God will give the "latter rain" as He did the "former," but we must seek for it. "Do not rest satisfied that in the ordinary course of the season, rain will fall. Ask for it. The growth and perfection of the seed rests not with the husbandman. God alone can ripen the harvest. But man's co-operation is required. God's work for us demands the action of our mind, the exercise of our faith."—Testimonies to Ministers, p. 508.
Camp meetings, workers' meetings, general laymen's meetings, and assemblies of local church leaders provide an unexcelled opportunity to unitedly seek God for the outpuring of the "latter rain." It will be given. God has promised that, but meekness humility, and earnestness must characterize the supplicants.
He that goeth forth and weepeth, bearing precious seed, shall doubtless come again with rejoicing, bringing his sheaves with him" (Ps. 126:6).

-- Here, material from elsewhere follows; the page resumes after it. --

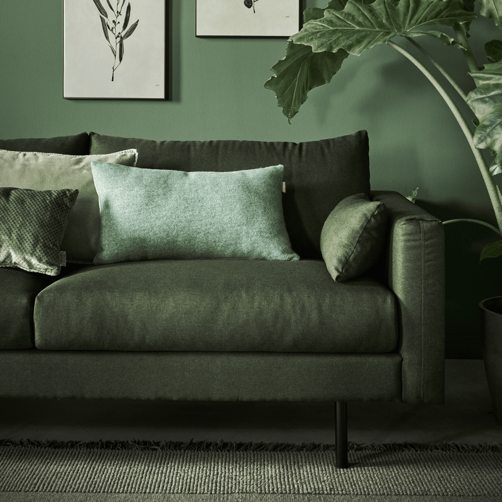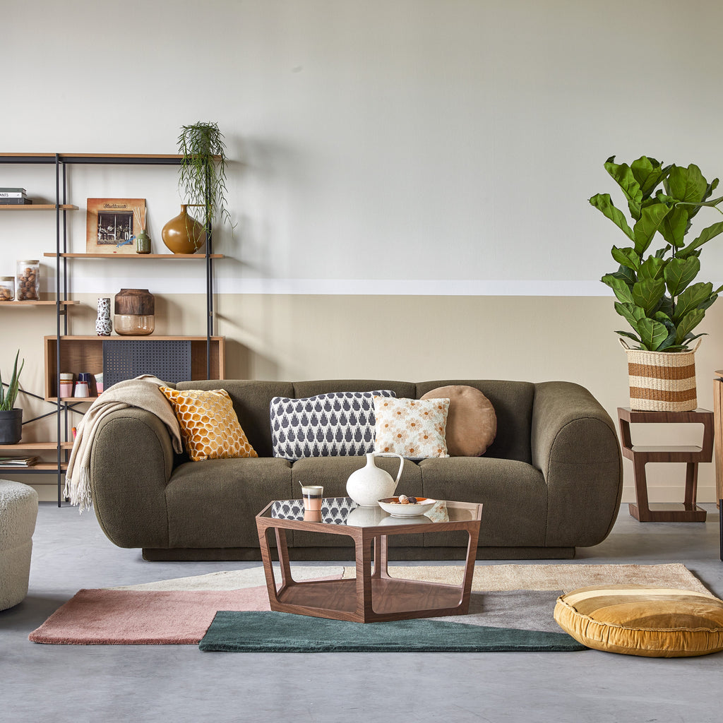 Groen: een tijdloze kleur voor een bank en helemaal on trend. Omdat een groene bank van bijvoorbeeld fluweel al eeneyecatcherop zich is, kun je voor een vloerkleed het beste voor neutrale tinten kiezen. (Gebroken) wit gecombineerd met zwart, grijs of donkergroen doen het gegarandeerd goed. Qua dessin kun je allerlei kanten op, maar zeker een vintage look laat jouw bank mooi uitkomen. Spelen met styling? Voeg een accentkleur, zoals bijvoorbeeld okergeel toe aan je woonkamer voor wat extra warmte.

The outpouring of the Holy Spirit in the "latter rain" brings to an end the long By drought since the cessation of power at about the close of the first century. True, as in Canaan, there were showers at different times and places between the "former" and "latter" rains. Notwithstanding the times in which we are living, God's people seem oblivious to their great need.
The message of God to the Laodiceans is designed to arouse them to their wretched, and miserable, and poor, and blind, and naked" condition. The Lord's advice largely goes unheeded: "I counsel thee to buy of me gold tried in the fire, that thou mayest be rich; and white raiment, that thou mayest be clothed, and that the shame of thy nakedness do not appear; and anoint thine eyes with eyesalve, that thou mayest see" (Rev. 3:17, 18).
When the people of God come to the place of persistent prayer, the place where Peter, James, John, and the rest of the apostolic company came after the ascension, the "latter rain" will fall and multitudes will be converted. Joel 2:23 promises both the former rain and the latter: "Be glad then, ye children of Zion, and rejoice in the Lord your God: for he hath given you the former rain moderately, and he will cause to come down for you the rain, the former rain, and the latter rain in the first month."
"The latter rain, ripening earth's harvest, represents the spiritual grace that prepares the church for the coming of the Son of man. But unless the former rain has fallen, there will be no life; the green blade will not spring up. Unless the early showers have done their work, the latter rain can bring no seed to perfection. . . .
"Only those who are living up to the light they have will receive greater light. Unless we are daily advancing in the exemplification of the active Christian virtues, we shall not recognize the manifestations of the Holy Spirit in the latter rain." —Ibid., pp. 506, 507.
Let God's people abandon their indifference concerning the outpouring of the Holy Spirit in final, last-day power. These are not times when Christians can risk carelessness. To relax our efforts in spiritual growth will prove fatal. To fail in faith and prayer in such a time as this is to fail of gaining heaven.
Christ warned: "Watch and pray." "Watch unto prayer."